Re: Control your disk usage in PG: Introduction to Disk Quota Extension

From: Hubert Zhang <hzhang(at)pivotal(dot)io>
To: Michael Paquier <michael(at)paquier(dot)xyz>
Cc: Robert Haas <robertmhaas(at)gmail(dot)com>, "pgsql-hackers(at)postgresql(dot)org" <pgsql-hackers(at)postgresql(dot)org>, Tomas Vondra <tomas(dot)vondra(at)2ndquadrant(dot)com>, Heikki Linnakangas <hlinnakangas(at)pivotal(dot)io>
Subject: Re: Control your disk usage in PG: Introduction to Disk Quota Extension
Date: 2019-01-30 12:34:27
Message-ID: CAB0yre=+hPosdOh=xwcNXbKWJyFFf11s2PK_aAAT6ArQvcnPRw@mail.gmail.com
Views: Raw Message | Whole Thread | Download mbox | Resend email
Thread:
Lists: pgsql-hackers

Hi all,

Currently we add hooks in SMGR to detect which table is being modified(disk
size change).
Inserting rows into existing page with room will not introduce new block,
and thus should not be treated as active table. smgrextend is a good
position to meet this behavior.
We welcome suggestions on other better hook positions!

Besides, suppose we use smgr as hook position, I want to discuss the API
passed to the hook function.
Take smgrextend as example. The function interface of smgrextend is like
that:
```
void smgrextend
(SMgrRelation reln, ForkNumber forknum, BlockNumber blocknum, char *buffer,
bool skipFsync);
```
So the hook api of smgrextend could have two main options.
Hook API Option1
```
typedef void (*smgrextend_hook_type)
(RelFileNode smgr_rnode,ForkNumber forknum);
```
Hook API Option 2
```
typedef void (*smgrextend_hook_type)
(SMgrRelation reln, ForkNumber forknum, BlockNumber blocknum,char *buffer,
bool skipFsync);
```

As for Option1. Since diskquota extension only needs the relfilenode
information to detect the active tables, Option1 just pass the RelFileNode
to the hook function. It's more clear and has semantic meaning.

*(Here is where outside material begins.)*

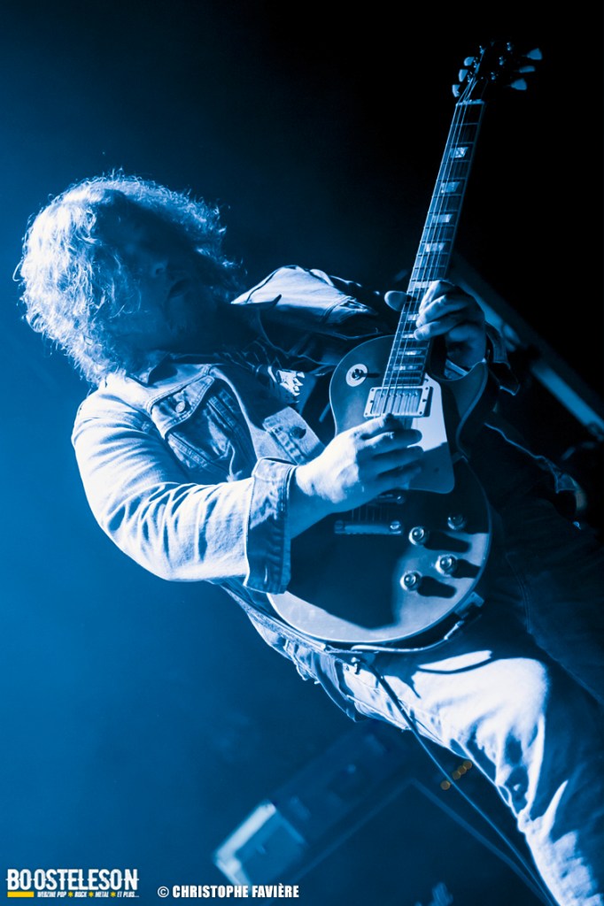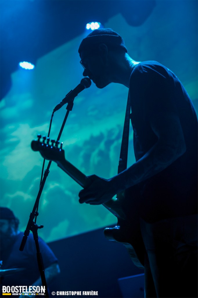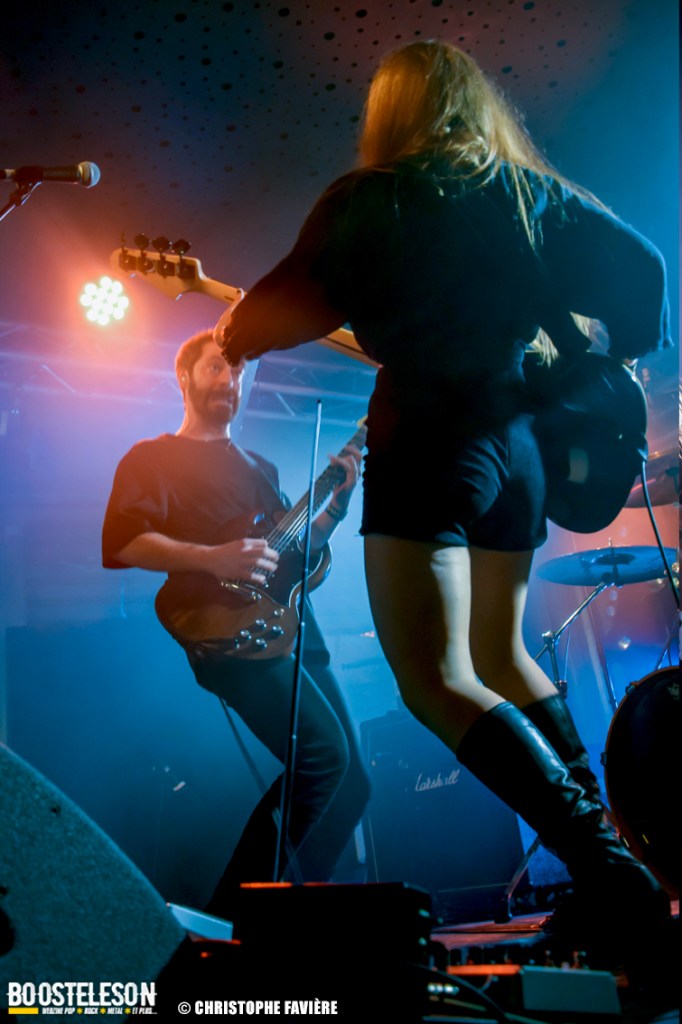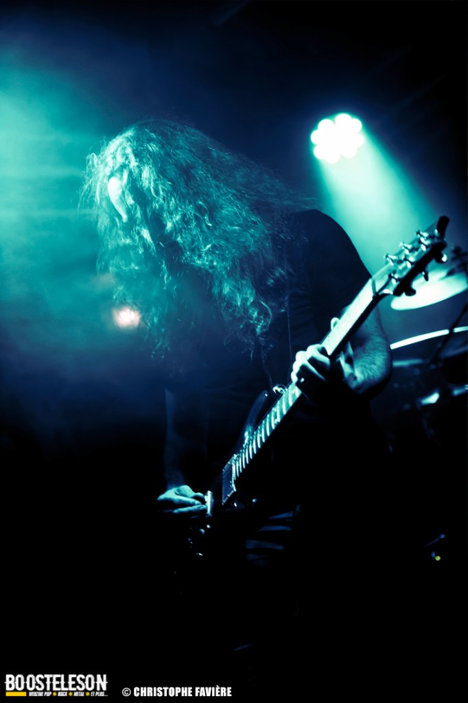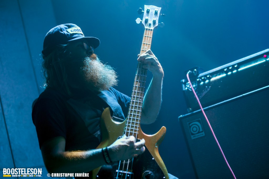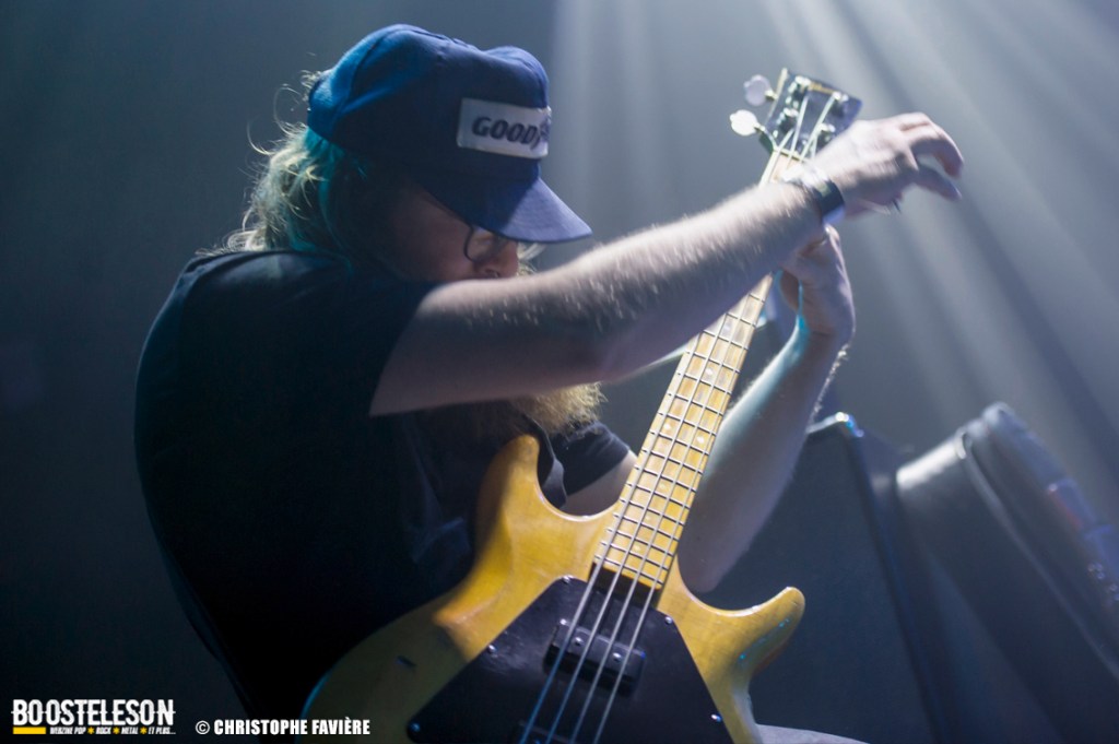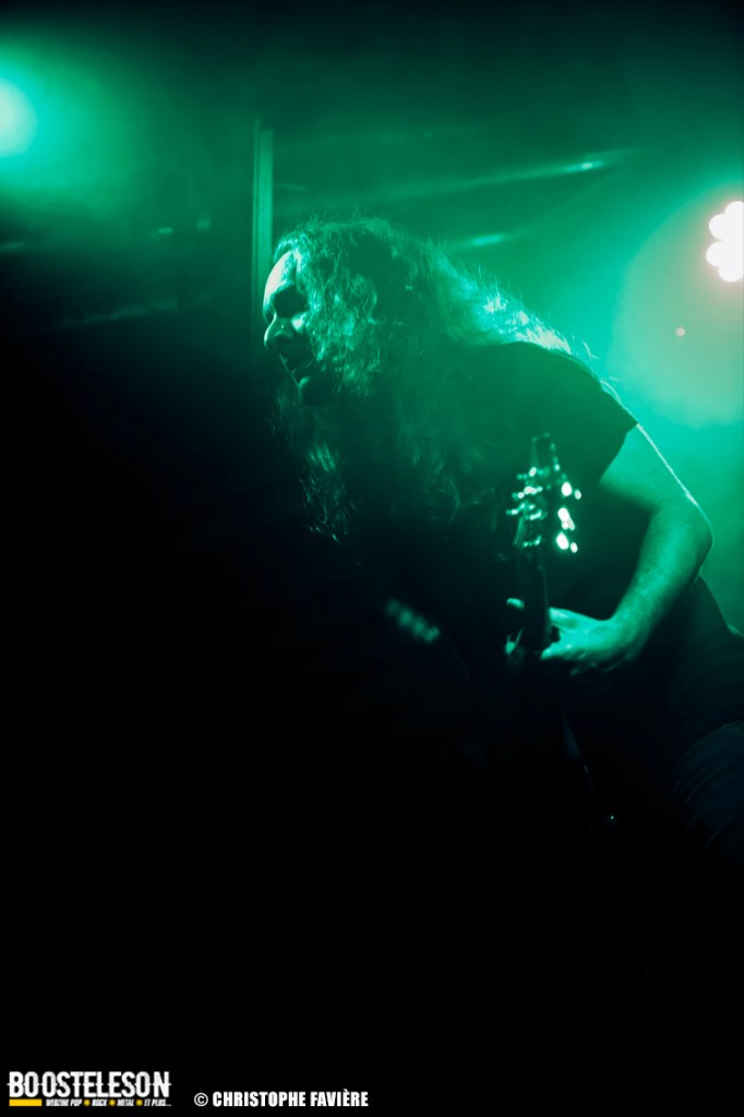 Là encore, ce samedi avait bien commencé avec ONE SHOT. Formé pratiquement uniquement d’anciens membres du groupe Magma, le groupe nous fait voyager dans son univers entre Jazz expérimental, Psychedelic et Progressive Rock. De quoi remettre gentiment la machine en route en ce samedi. On se précipite alors au Club pour retrouver Witchorious qui nous avait tant impressionné lors de leur passage en première partie de Knuckle Head quinze jours plus tôt à la Maroquinerie (Live report ici ->). Et le trio n’a fait que confirmé tout le bien que l’on avait pensé d’eux. Gros riffs à la Black Sabbath, section rythmique impressionnant, univers sombre, nous ne serions pas étonnés de voir ce groupe gravir rapidement les échelons tant leur prestation et leur cohésion sont impressionnantes. Retour dans la grande salle pour Cloakroom. Difficile de définir la musique du groupe originaire de l’Indiana. Mélange de Space Rock, de Stoner, de Doom ou encore de Shoegaze, le combo nous invite dans un univers tantôt lourd, tantôt atmosphérique, étonnant, mais appréciable. A ce moment de la soirée, les choses commencent à se gâter. Suite probablement aux pluies de la semaine, une remontée d’égouts commence à exercer une certaine influence sur l’air ambiant et une odeur nauséabonde (on vous laisse imaginer laquelle) commence à envahir la grande salle. Bonne excuse pour filer une dernière fois au Club pour retrouver Maudits (désolé pour les photos, un problème de carte mémoire). Le trio alterne entre Doom et Ambiant, créant une ambiance oppressante et répétitive grâce à une maitrise impressionnante des loops par le guitariste (pédale d’effet permettant d’enregistrer en direct un riff ou une mélodie et de la répéter à l’infini). Du fait de son côté instrumental et la richesse de ses compos, le groupe est difficilement identifiable à un genre. Là encore, une belle découverte. 22.30, l’heure de retourner dans la grande salle pour le dernier concert du week-end, et malgré la réactivité de l’équipe de l’Empreinte et la venue des services adéquats, les choses ne se sont pas arrangées. Les regards censés évacuer l’eau lors du nettoyage refoulent en plein milieu de la salle tout ce qui est supposé en sortir. Qu’à cela ne tienne, le public fait contre fortune bon cœur et reste en masse pour assister au concert de monkey3. Et les Suisses les en remercient en nous offrant un show de toute beauté, tant sonore que visuel. Avec leur musique à la croisée du Stoner et du Psychedelic Rock, les Helvètes nous gratifient d’un voyage hors du temps et de l’espace, renforcé par les images diffusées sur l’écran géant en fond de scène. Une bien belle manière de conclure cette soirée et cette deuxième édition qui aura vu un public venir en masse malgré le RER en travaux, et malgré les problèmes de tuyauterie. Espérons que cette fidélité sera récompensée par une troisième édition en 2025. Cette musique le mérite amplement. Noblesse oblige !

While Option 2 is to pass the original parameters to the hook functions
without any filter. This is more general and let the different hook
implementations to decide how to use these parameters.

Option 1 also needs some additional work to handle smgrdounlinkall case,
whose input parameter is the SMgrRelation list. We may need to palloc
Relfilenode list and pfree it manually.
smgrdounlinkall function interface:
```
smgrdounlinkall(SMgrRelation *rels, int nrels, bool isRedo, char
*relstorages)
```

Based on the assumption we use smgr as hook position, hook API option1 or
option2 which is better?
Or we could find some balanced API between option1 and option2?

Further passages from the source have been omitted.